[Your task] All of the data should be given again word for word, though the images are to be left out.

[Data section]
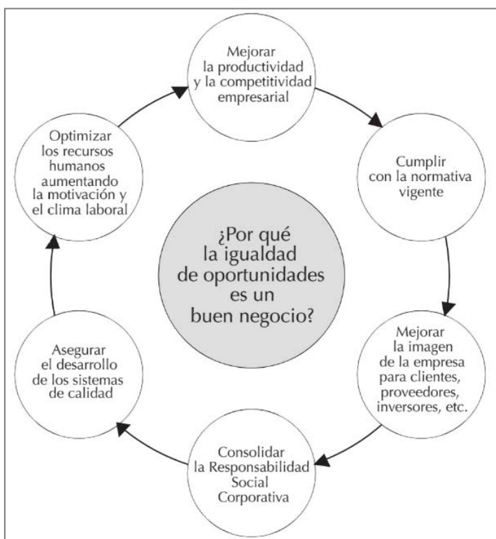
ILUSTRACIÓN 1: INTERACCIÓN ENTRE LOS ELEMENTOS QUE PROMUEVEN LA APLICACIÓN PARTICIPATIVA DEL PROGRAMA

FUENTE: Elaboración de D.T. Kahale Carrillo, en su libro “El distintivo empresarial en materia de igualdad” a partir del folleto “La igualdad entre mujeres y hombres en las empresas” del Ministerio de Sanidad, Política Social e Igualdad.
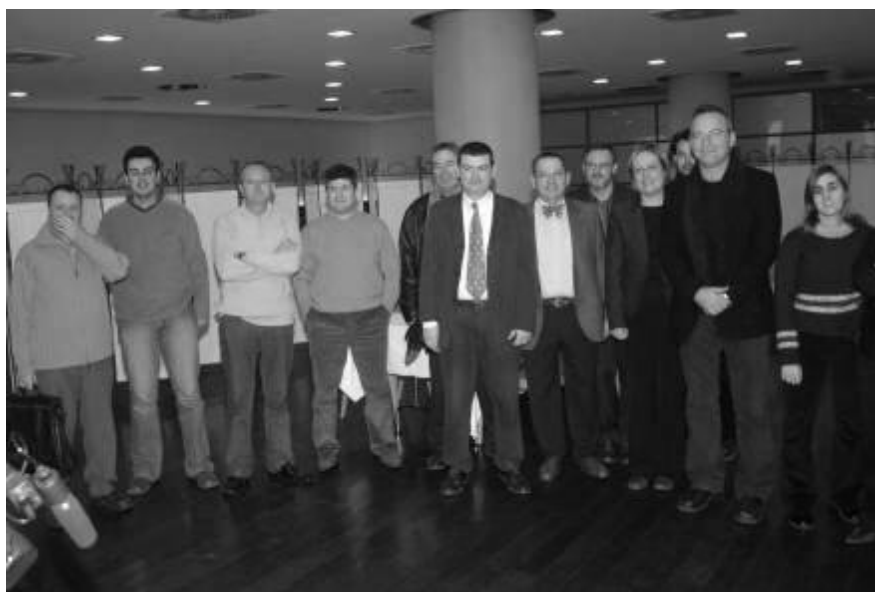
Els membres del Grup Municipal van felicitar l'Any Nou als representants dels mitjans de comunicació

Més enllà de la discussió sobre xifres i percentatges concrets, el que ha estat significatiu ha estat el dur procés d'elaboració, ja que partíem d'una proposta de reducció global de l'onze per cent de les partides de gestió. Després de llargues i dures negociacions, el Pressupost final manté l'equilibri entre la possibilitat de fer front els compromisos anteriors sense limitar la capacitat d'endegar noves accions polítiques, molt especialment en les àrees de gestió directa d'ERC.

[Answer space]
ILUSTRACIÓN 1: INTERACCIÓN ENTRE LOS ELEMENTOS QUE PROMUEVEN LA APLICACIÓN PARTICIPATIVA DEL PROGRAMA

FUENTE: Elaboración de D.T. Kahale Carrillo, en su libro “El distintivo empresarial en materia de igualdad” a partir del folleto “La igualdad entre mujeres y hombres en las empresas” del Ministerio de Sanidad, Política Social e Igualdad.
Els membres del Grup Municipal van felicitar l'Any Nou als representants dels mitjans de comunicació

Més enllà de la discussió sobre xifres i percentatges concrets, el que ha estat significatiu ha estat el dur procés d'elaboració, ja que partíem d'una proposta de reducció global de l'onze per cent de les partides de gestió. Després de llargues i dures negociacions, el Pressupost final manté l'equilibri entre la possibilitat de fer front els compromisos anteriors sense limitar la capacitat d'endegar noves accions polítiques, molt especialment en les àrees de gestió directa d'ERC.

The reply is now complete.